5:16: Did Jim Nantz say that Laranega has a grandaughter too but no one cares? Anyway, this game is so boring that Ryan has thrown out this trivia question: Who are the seven coaches who have been to the Final Four and coached in the NCAA? Answers at the bottom of this entry.

8:46: I guess it’s time to root for LSU. Did I ever mention how much I hate Florida sports teams? This is a state that has the Marlins, a team that wins the World Series and then decides to break up the team in a fire sale. Now they’re in danger of being taken over by MLB because their ownership sucks so much. Then they have the Lightning, who win the Stanley Cup with a tradition as long as my junk, which is to say not very long at all. During the playoffs in their Cup run, the scoreboard operator had to inform the crowd what hockey rules like “offsides” and “icing” were. Florida winning any championships at all means that God has no interest in sports.

11:49: Florida is up 49-32. Florida is getting every loose ball, every defensive stand, and every three pointer. At least this game is going fast so we don’t have to suffer through this. I wonder if Joakim Noah will go first or second in the WNBA draft.

15:00: The dream is over for George Mason. Yes, I’m calling this game now. Florida is up by 15. George Mason is playing like an 11 seed right now, not the team that beat UNC and UConn. This just means we have to see Noah’s ugly mug for another game.

On top of this, we have to watch the stupid State Farm and Big Bucking Chicken commercials. I read an article about the advertising agency that has the Burger King account and how they are taking risks. Great. Thanks for taking risks and ruining our NCAA tournament watching experience. Feel free to send Cripsin Porter + Bogusky some hate email.

19:08: A terrible start for GMU as Lee Humphrey makes 2 three-pointers to start the half. (In case you haven’t noticed, I’m blatantly rooting for Groge Mason.) Florida up by 11. This Pontiac Solstice commercial song is probably second only to the Applebees shrimp song as most annoying.
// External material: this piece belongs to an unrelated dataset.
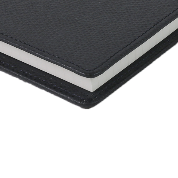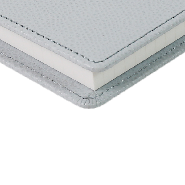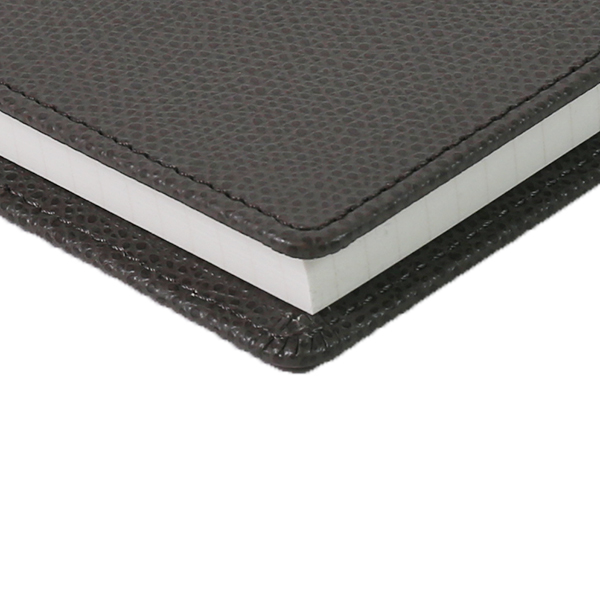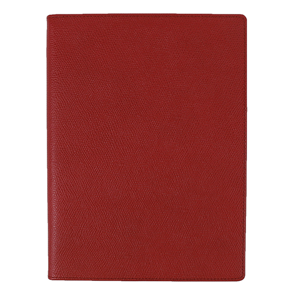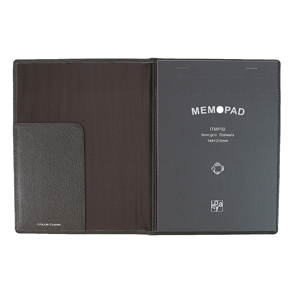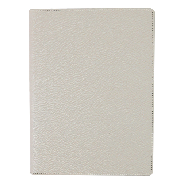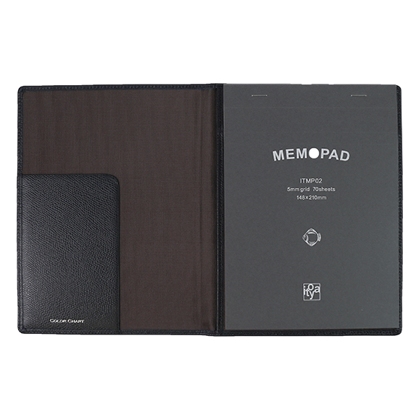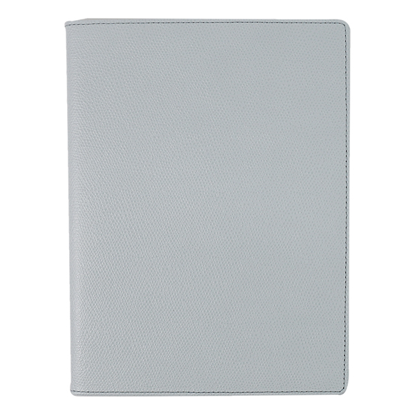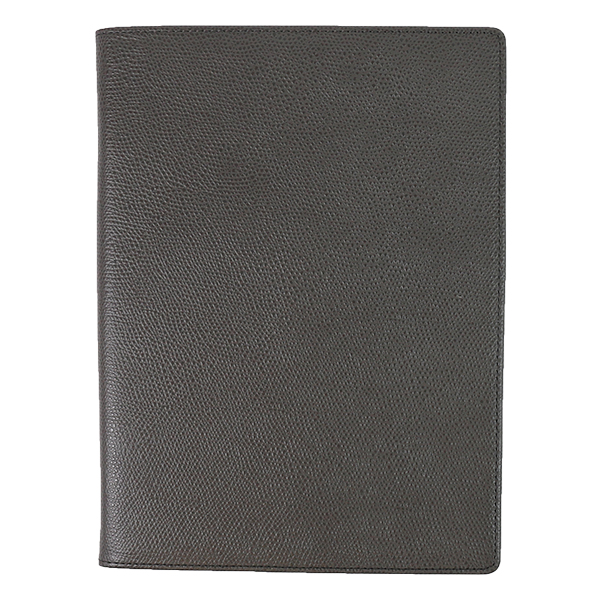 革カバー付きで、かしこまった会議にもふさわしいビジネスツールです。デスクワークにはもちろん、立ったままのメモにも対応する工夫がなされています。
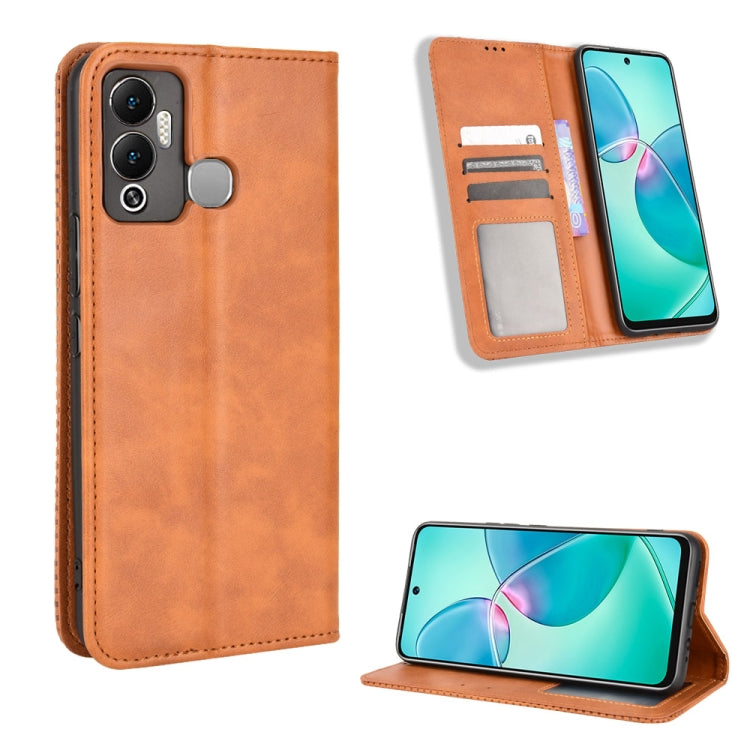 Funda de Cuero para Infinix Hot 12 Play con Textura Retro y Hebilla Magnética (Marrón)

Intermission: Florida is up 31-26 and we’re waiting for the second half to start. This Fed-Ex Kinkos commercial is genius.  That basically is every company I’ve ever worked with.

Jay Wright wins the best looking coach of the year award and Adam Morrison wins the Chevy player of the year. Of course, the one that counts, the AP player of the year, went to JJ Redick, who said that the Duke Lacrosse team was a great bunch of guys. You might want to stay away from commenting on Duke Lacrosse, JJ. If you want to support them, write them some poetry or something.

Trivia answer: Calipari, Pitino, Montgomery, Larry Brown, PJ Carlissimo, Jerry Tarkanian, and Lon Kruger.